Exercise instructions: Your reply must contain the lines from the one with "本建築モデルでは、地上14階" through the last line of the material, exact and complete, with no pictures and no other text.

===== Provided material =====

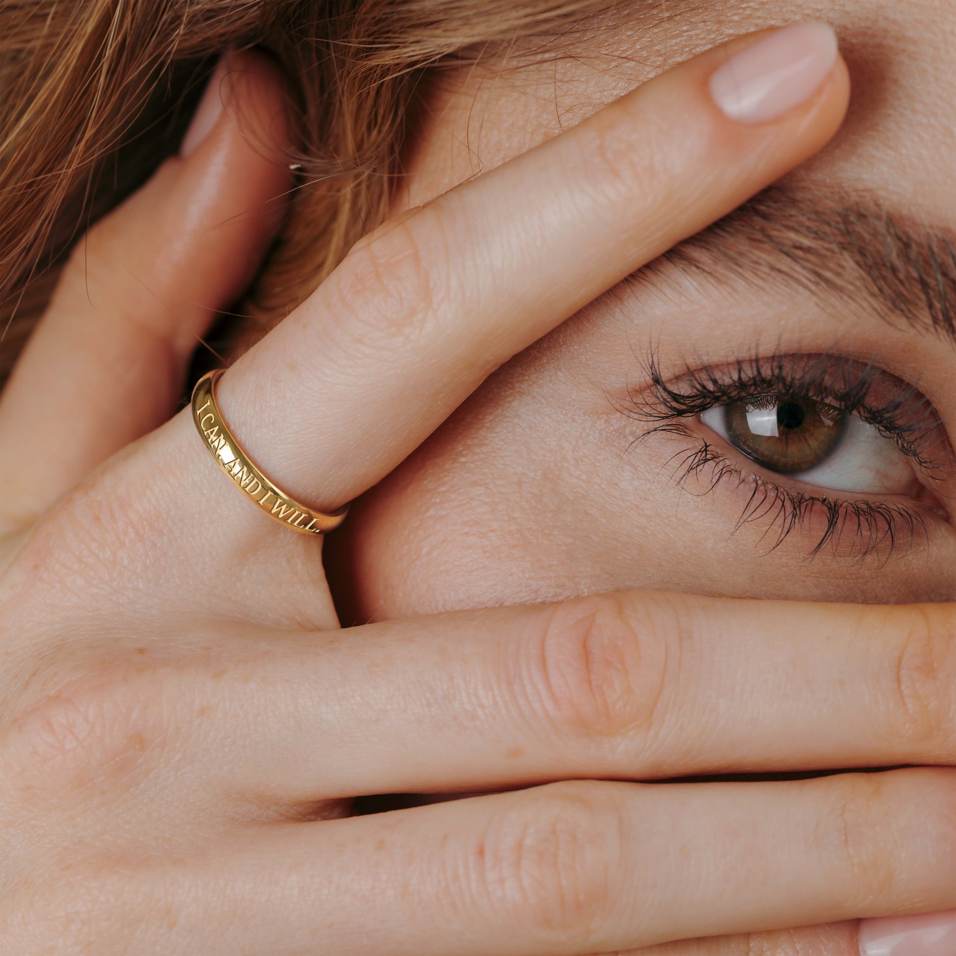 No matter the situation, our “I can. And I will” ring is here to remind you that you can achieve anything. The slim ring carries an important message, symbolizing your strength, perseverance, and determination. You can do it, and you will succeed, no matter what obstacles arise—repeat it like a mantra. Worn alone or stacked with our other rings, this piece is not only your hidden message but also an all-rounder for any style and look.
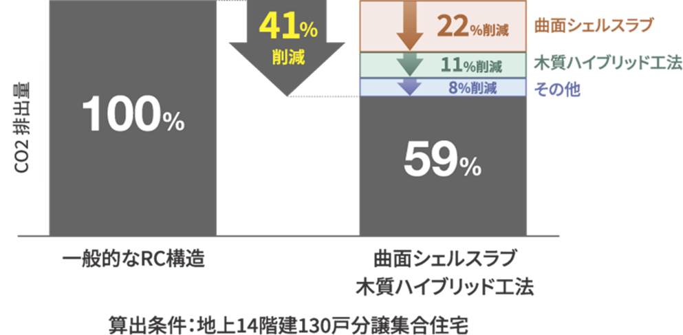 本建築モデルでは、地上14階建て130戸の分譲集合住宅において、VUILDが保有する特許技術を活用した「曲面シェルスラブ木質ハイブリッド工法」にて建築時のCO2排出量を約40%削減いたします。なお、三井不動産株式会社と株式会社日建設計で作成したマニュアルをベースに、不動産協会によって策定された「建設時GHG排出量算出マニュアル」※2を 適用し、CO2排出量を算出しております。
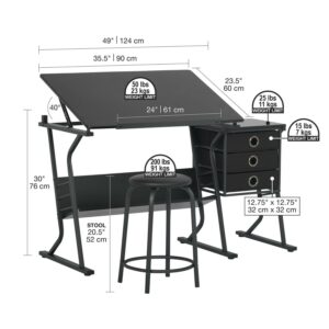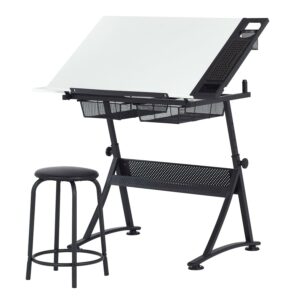 Studio Designs Fusion Craft Center Drafting Drawing Craft Table with Storage and Stool Set, Black/ White

=====

Exercise response:
 本建築モデルでは、地上14階建て130戸の分譲集合住宅において、VUILDが保有する特許技術を活用した「曲面シェルスラブ木質ハイブリッド工法」にて建築時のCO2排出量を約40%削減いたします。なお、三井不動産株式会社と株式会社日建設計で作成したマニュアルをベースに、不動産協会によって策定された「建設時GHG排出量算出マニュアル」※2を 適用し、CO2排出量を算出しております。
 Studio Designs Fusion Craft Center Drafting Drawing Craft Table with Storage and Stool Set, Black/ White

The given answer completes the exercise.